2. IRQ1-15 interupts , edge detect.
The user enters a handling routine when setting up the interrupts. The edge ports interrupts (there is one routine for each in M5223X.c) first clear the corresponding interrupt flag and then immediately call the entered handling routine.
The handling routine is thus called from within the interrupt, which means that it should be kept as short as possible. If you look at the demo use fo these IRQs in application.c you will see that they call:
    fnInterruptMessage(OWN_TASK, IRQ11_EVENT);
for example.
This posts an interrupt event to the application task - this is very fast and so doesn't involve large amounts of work while blocking other interrupts. The application task is subsequently woken and handles the event, where it sends some text to the debug port. The task is of course not working in the interrupt routine itself and so does 'off-line' work which is not so critical. Interrupt routines are generally used to perform very time critical jobs - which are hopefully also very short to perform (saving time stamps, setting hardware registers, etc) - and generating system events which are handled 'off-line'.

3. IIC
You can compare IIC with UART. Tx and RX are interrupt driven. It is very easy to queue several messages (usually control sequences to one or several devices) - the application can assume that they will be delivered and get on with other work.
The driver only performs master mode operation and reads are usually answers to commands. Read commands can be queued and interleaved with other commands. When an answer is read the receiving task will be woken to get it using fnRead() (usually checking fnMsg(IIC_handle) first to see whether a compete message is ready).
 
4. SPI
SPI is used either for EEPROM file system or for SPI FLASH. There is no generic driver since SPI is used in many different ways, making it difficult to define a generic driver. It can and has been used in a similar mode as UART (interrupt driven, with rx synchronised to tx) but this is not a part of the project (at least not at the moment).
For EEPROM file system and SPI FLASH the operation doesn't use interrupts. The idea is that the SPI accesses are simply as fast as possible and the application (file system) layer is reading data in-line as if it were normal (but slower due to serial access) memory. Therefore if you look at the SPI interface you will see that the interrupt flags are only used for polling while waiting for an individual read or write to complete (usually well in the sub-us region).

5. Ethernet
Ethernet interfaces always use a DMA engine so individual byte transmission or reception has nothing to do with SW.
There are interrupts on tx frame and rx frame and on certain errors (also on connection state changes - like link up / link down).
When a frame is transmitted there is an interrupt on completion. This interrupt is almost redundant - it is used to generate a system event if LAN_REPORT_ACTIVITY is activated but otherwise has almost no SW relevance. Frame transmission is generally as fast as the processor can construct and send new frames...

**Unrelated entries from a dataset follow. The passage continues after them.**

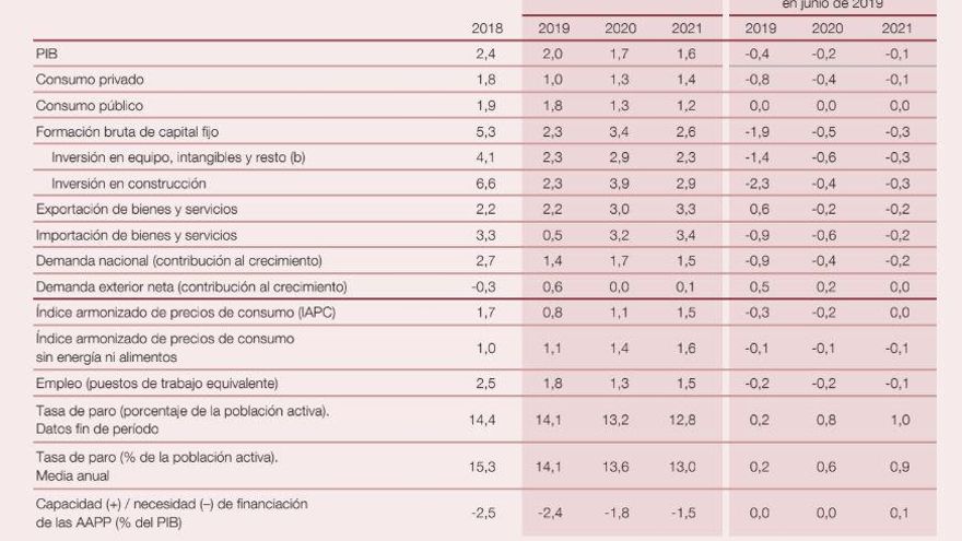 El Banco de España confirma la ralentización de la economía española. El regulador ha publicado este martes sus previsiones en las que señala que “el avance medio del producto interior bruto (PIB) se situaría en el 2% en 2019 y en el 1,7% y el 1,6% en cada uno de los dos años siguientes”. Esto supone una caída de la previsión de crecimiento de cuatro décimas en 2019, dos décimas en 2020 y una décima en 2021 que hizo el Banco de España el pasado junio.
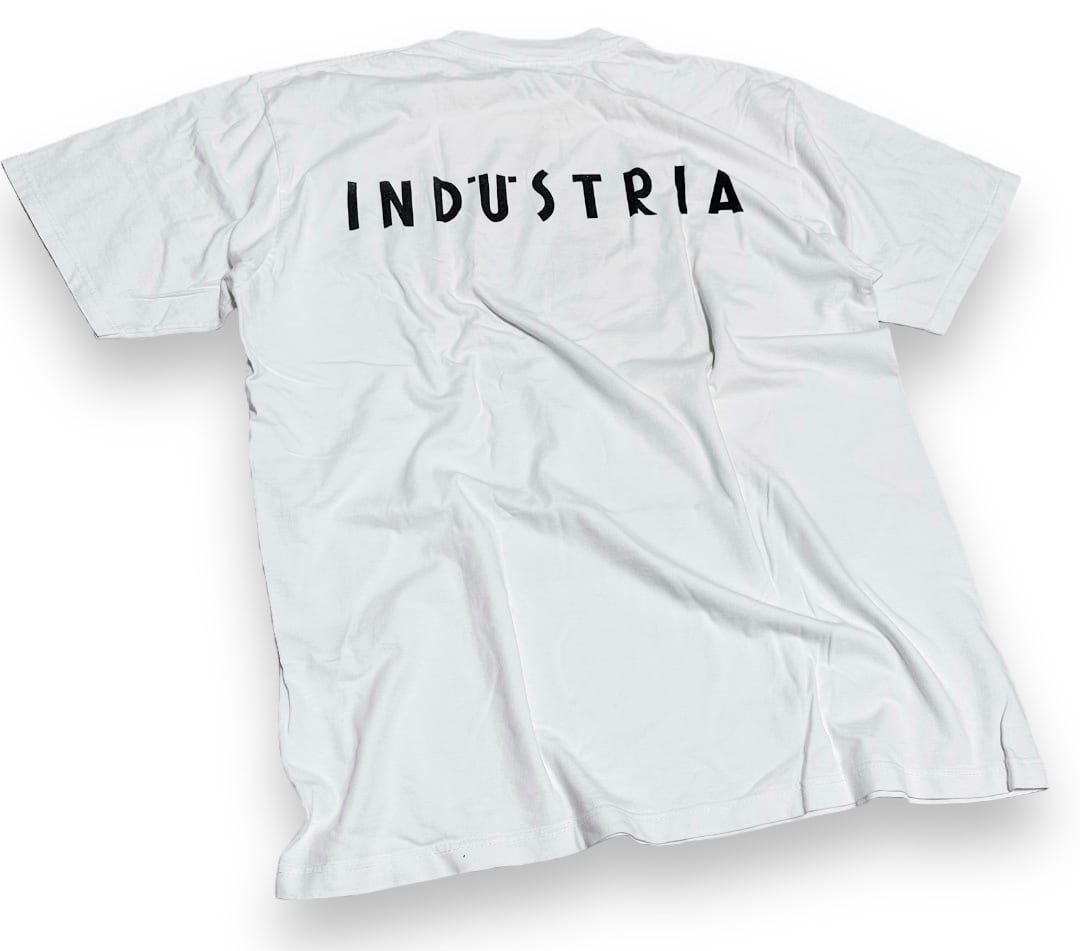 90年代UK「BODY RAP」による、強烈なアートTシャツ。グラマラスな男性ヌードと冷たい視線のポートレートが融合した、まるでピエール&ジル meets ダダイズムな世界観。背面には”INDUSTRIA”の無機質なロゴ。ファッションというより、もはやアートムーブメント。
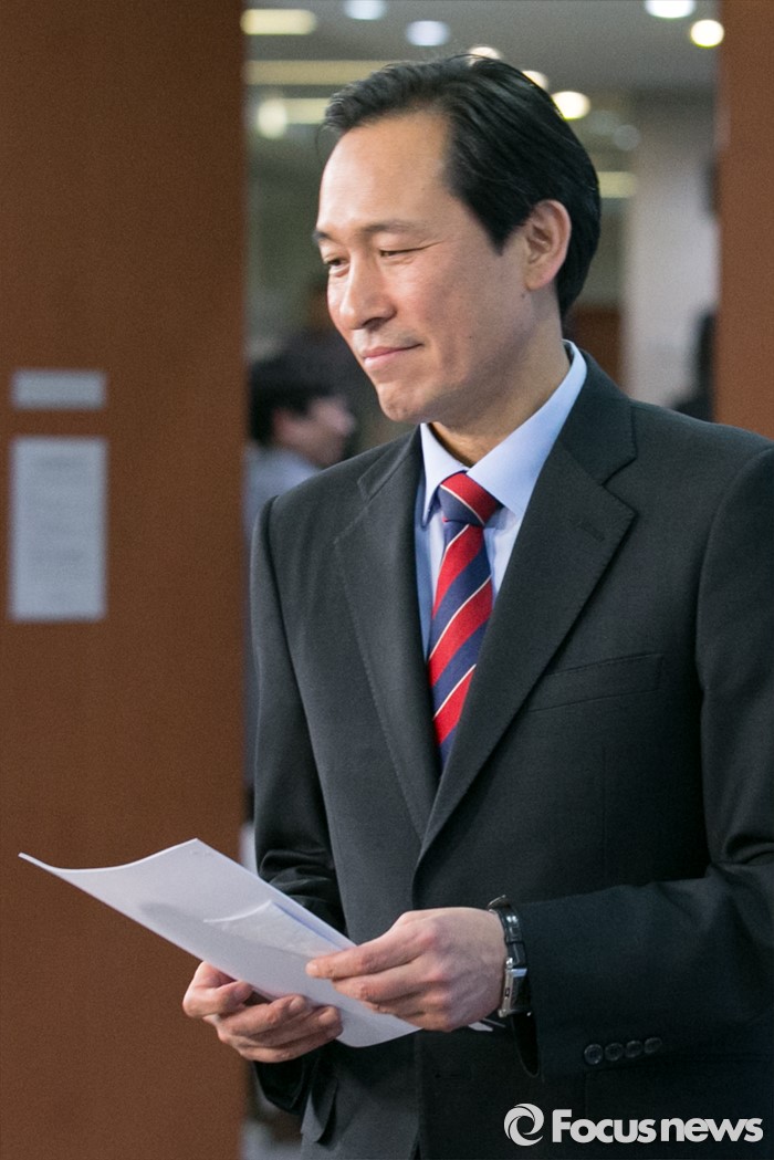(서울=포커스뉴스) 우상호 더불어민주당 의원이 29일 오후 서울 여의도 국회 정론관에서 당 원내대표 출마 기자회견을 위해 입장하고 있다.
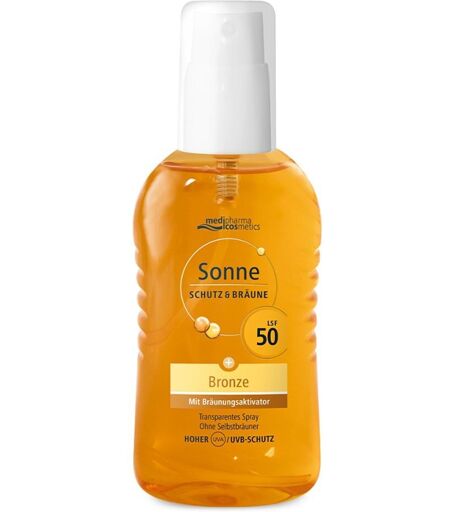 Anwendungsgebiet von Sonne Schutz & Bräune Spray Bronze Lsf 50Das Sonne Schutz & Bräune Spray Bronze Lsf 50 von medipharma cosmetics ist eine Kombination aus zuverlässigem, hohem Sonnenschutz und einer natürlichen, intensivierten Bräune – ganz ohne Selbstbräuner. Das ultraleichte, transparente Sonnenspray eignet sich sowohl für das Gesicht als auch für den Körper und schützt vor intensiver Sonneneinstrahlung mit dem hohen Lichtschutzfaktor 50. Ein essenzieller Bestandteil des Sonnensprays ist der Pro-Melanin-Extrakt, der die natürliche Melaninproduktion anregt und so die Bräunung unterstützt. Dies unterstützt die Entwicklung eines gleichmäßigen, gebräunten Teints, der sich harmonisch mit der natürlichen Hautfarbe verbindet. Vitamin E wirkt zudem antioxidativ und stärkt die Hautbarriere, um Ihre Haut während des Sonnenbadens zu pflegen und zu schützen.Das Pump-Spray lässt sich leicht auftragen, zieht rasch ein, klebt nicht und gewährleistet Schutz, der auch beim Schwimmen oder sportlichen Betätigungen bestehen bleibt. Die Textur fühlt sich angenehm zart auf der Haut an und hinterlässt kein fettiges Gefühl. Zudem ist die Formel frei von Octocrylenen, Octinoxaten und Oxybenzonen. Das Sonne Schutz & Bräune Spray Bronze Lsf 50 von medipharma cosmetics verbindet zuverlässigen, hohen Sonnenschutz mit einer Unterstützung der natürlichen Bräune und ist somit der sommerliche Begleiter für alle, die nicht nur geschützt, sondern auch zart gebräunt die Sonne genießen möchten.Nur das Beste für die Haut: Nach diesem Grundsatz hat medipharma cosmetics verschiedene Produkte zum Sonnenschutz entwickelt. Die Sonnenpflegeprodukte bieten eine breite Auswahl an Pflegeprodukten, die auf die unterschiedlichen Bedürfnisse der Haut abgestimmt sind. Sie beruhen auf jahrelanger Forschung und Entwicklung und werden unter strengen Qualitätskontrollen hergestellt – für einen zuverlässigen Schutz und intensive Pflege der Haut.Eigenschaften: Transparent ...
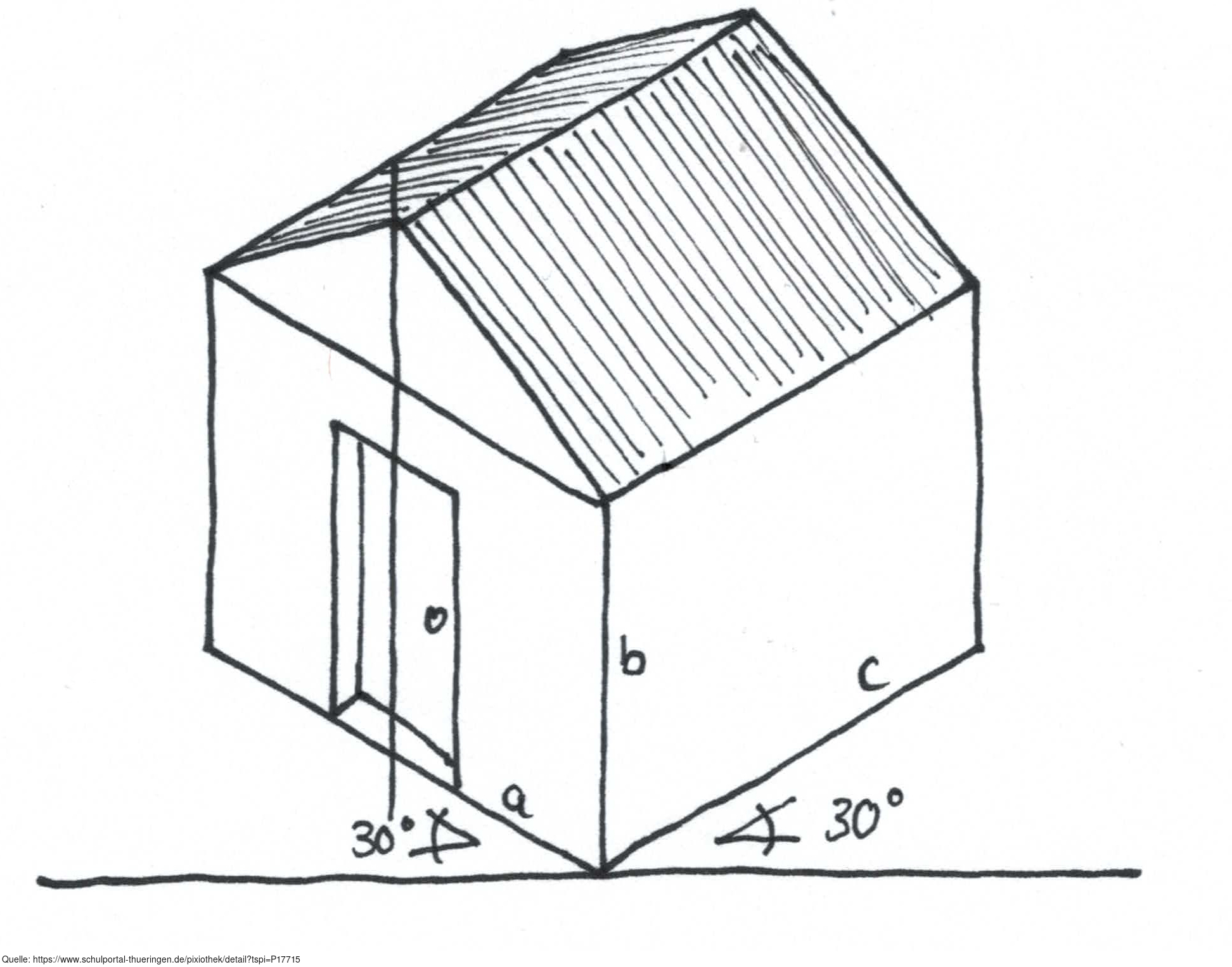 Das Bild gehört zur Serie "Projektionsarten". Es zeigt die isometrische Projektion am Beispiel eines Gebäudes. Es gelten die Nutzungsbedingungen der Mediothek und Pixiothek.
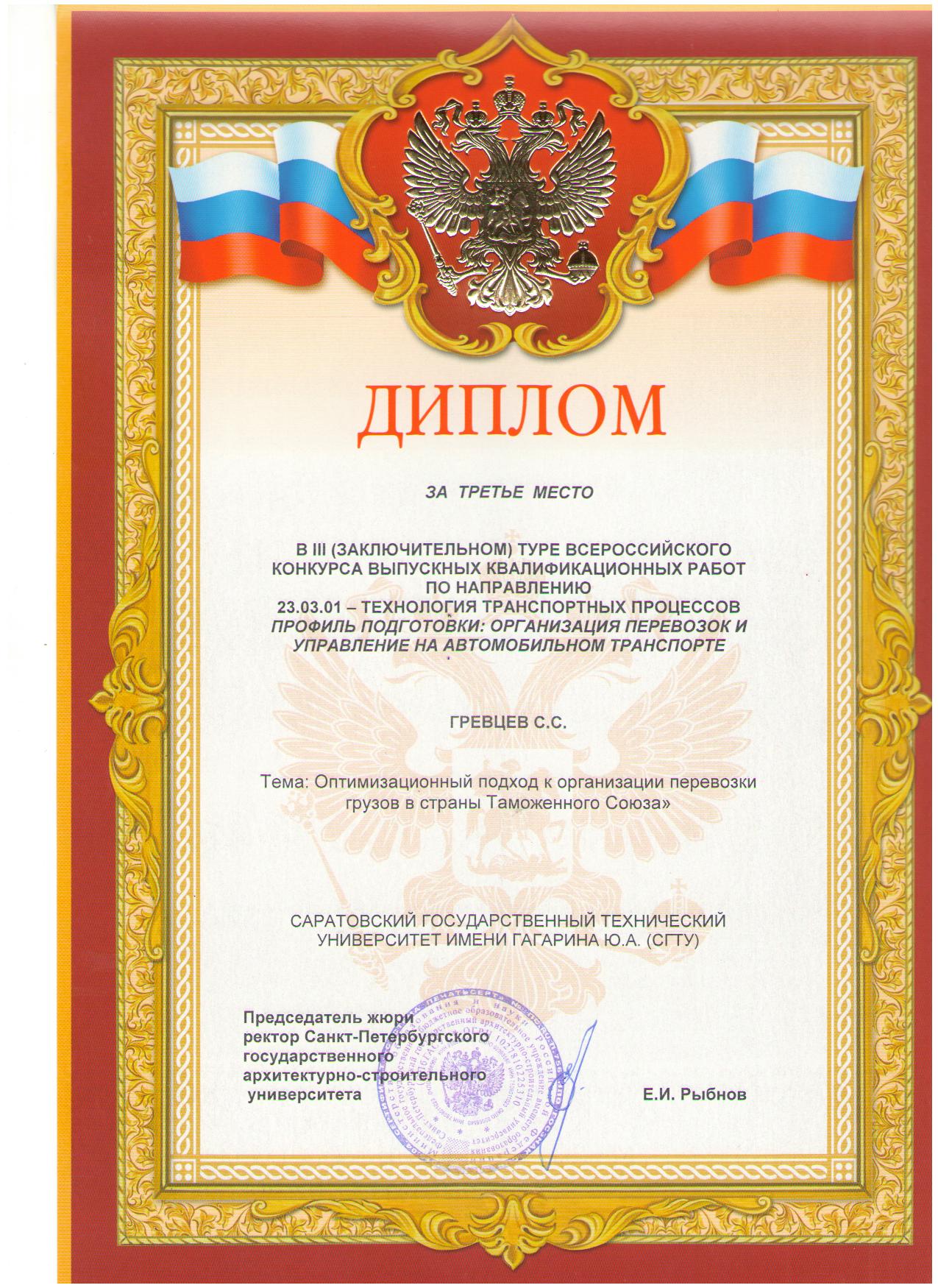• Гревцев С.С. Оптимизационный подход к организации перевозки грузов в страны Таможенного Союза. Руководитель к.э.н., доц. Евсеева А.А.
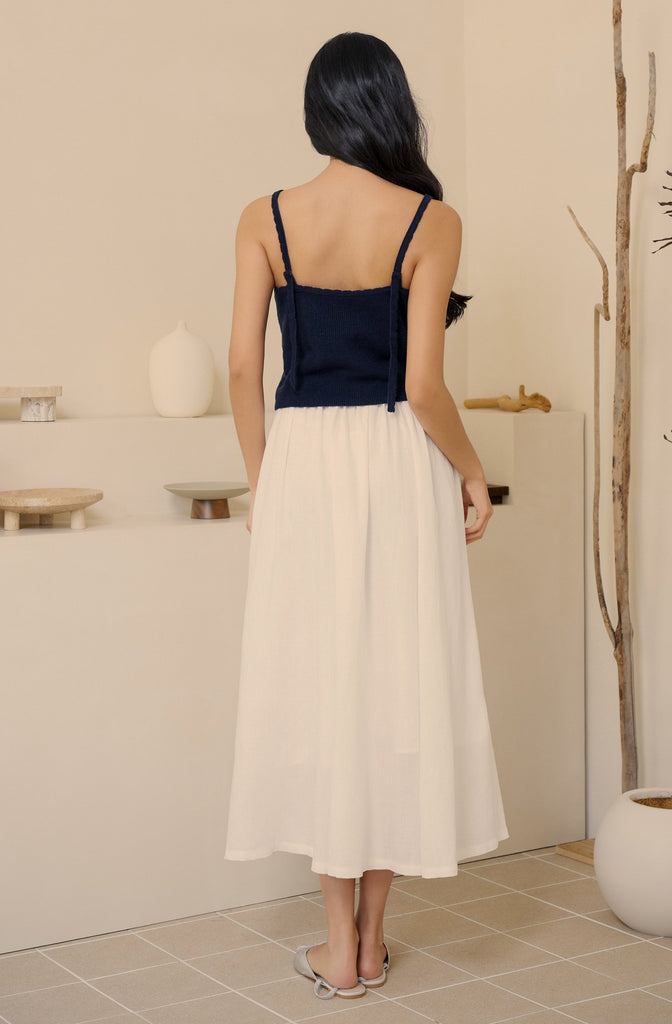 Let me fall elastic midi dress in beige is backordered. We will ship it out separately after 21-30 business days.

When an Ethernet frame has been received, a rx frame interrupt causes the Ethernet task to be woken by a system event, which then reads the frame buffer. There are a number of frame buffers available (configurable using NUMBER_OF_RX_BUFFERS_IN_ETHERNET_DEVICE) so the time taken to actually process received frames is not that critical. The processing is 'off-line' and the call back routines when handling the TCP/IP protocol are called from within this 'off-line' frame processing. All rx processing on the M5223X are directly in the Ethernet RX buffer and only once the rx call-back (and protocol handling) has completed (returned) is the rx buffer ownership given back to the DMA engine so that it can be used again.